This is not the end of Oil

The current spike in gasoline has folks all a flutter about this being the end of the oil economy, the death of the combustion engine, etc. It ain’t happening folks.

I will wager $100 with anyone who wants to, that we are not seeing the end of the oil economy. I have no take on whether or not that end will someday come as chaos or as a great boom of scientific achievement, creating new tech that gets us past oil. I’m just saying this isn’t it yet, not even the beginning of it. I have doubt that we’ll see it in the next 50 years, even with the industrialization of China and India. The current oil prices are artificial, as artificial as the stock bubble I started screaming about ten years ago. Oil is currently valued by fear, speculation, and mania, with a little help from the instability that Bush created in the middle east and several OPEC nations that are happy to keep the prices up. I studied the oil economy as part of my graduate research. It’s been a huge part of the political picture in Latin America, bigger than it has been here, for the last century. Subsidized Soviet oil let Castro break free of the U.S. The lack of it was one major factor that kept Jamaica from being able to do so. A belief that the expensive oil of the late 70s and early 80s would last forever, bankrupted Mexico when oil came back down, utterly destroying the peso in the process.

I don’t know what it is in people that makes it so easy to look at what’s going on right now and decide that it’s going to go on forever. During the height of the stock mania, there were well respected pundits and stock analysts saying that the NASDAQ would reach 10,000 and the Dow would reach 36,000. Between 20 and 30 years ago, people were saying most of the same stuff about oil that’s being said right now. It didn’t come to pass then, it won’t come to pass now. I can’t even count how many times in my life I’ve heard pundits say that we’ve reached a point where they’re not going to find anymore oil. That hasn’t even happened yet and I don’t think it’s going to happen too soon.

Don’t get me wrong. I’ll be really happy if this starts a permanent trend toward hybrid engines and clean diesel turbo engines. That’d be great. But right now, even with the trendiness and hype, those kind of cars only make up about 2% of the U.S. market. But there were plenty of predictions in the 80s that gas prices and fuel economy regulations were going to spell the death of the V8 for all but luxury vehicles.

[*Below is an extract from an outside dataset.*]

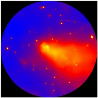 For the first time, an international team of astronomers has found observational evidence of shock waves and radio-emitting rings rippling around a giant galaxy cluster some 600 million light years away. Observations made with the VLA (Very Large Array) radio telescope in New Mexico and with the European Space Agency's XMM-Newton x-ray observatory have confirmed the presence of both giant radio-emitting rings and magnetic shock waves around the galaxy cluster Abell 3376. As reported in a recent issue of the journal Science, x-ray observations of Abell 3376 suggests that these emissions must have originated after the violent collision of smaller sub-clusters within the larger main cluster. These collisions are so powerful that researchers estimate that the resulting energy would be enough to keep our own sun alive and kicking for another 20 sextillion years. That's a 2 trailed by 22 zeroes. Particle physicists and cosmologists alike are still puzzled over the origin of Ultra High Energy Cosmic Rays. Often the purview of science fiction, in reality, cosmic rays are highly-energetic atomic particles kicked up to speeds approaching that of light. While it's certain that the cluster Abell 3376 must be responsible for at least some cosmic rays, whether it is generating these ultra high energy rays is still open to debate. Ultra High Energy Cosmic Rays --- some 100 million times more energetic than such particles created in the largest accelerators here on earth; have been detected by ground-based astronomers. But only future highly sensitive cosmic ray observatories will be able to determine if this far-flung galaxy cluster is the source of such ultra high energy particles. The bonafide origin of Ultra High Energy Cosmic Rays remains one of cosmology's greatest conundrums. The above x-ray image from XMM-Newton shows a bullet-like supersonic shock of x-rays emanating from gas superheated by Abell 3376's sub-cluster collisions. Image credit: Joydeep Bagchi, IUCAA, ESA

If you follow the news heavily, you’ll see that our leaders don’t believe the hype on this either. They know that oil could be brought back down if the psychology changes and right people decide to do it. They’re more worried about trying to prevent a return to the really cheap oil and gas of the late 90s than they are about bringing down gas prices right now. We have heavy hitters in the U.S. policy apparatus talking about things like a regulated floor price for oil on the international market and stealthier versions of the same thing for domestic gasoline prices. I’m inclined to believe that with a return to $1.50 gas, hybrids and conservation and all of that would go back to being a fringe part of the market again, the same way that compact cars and family sedans with 4 cylinder engines dropped market share during the cheap oil and gas era of the 1990s up through the attack on Iraq.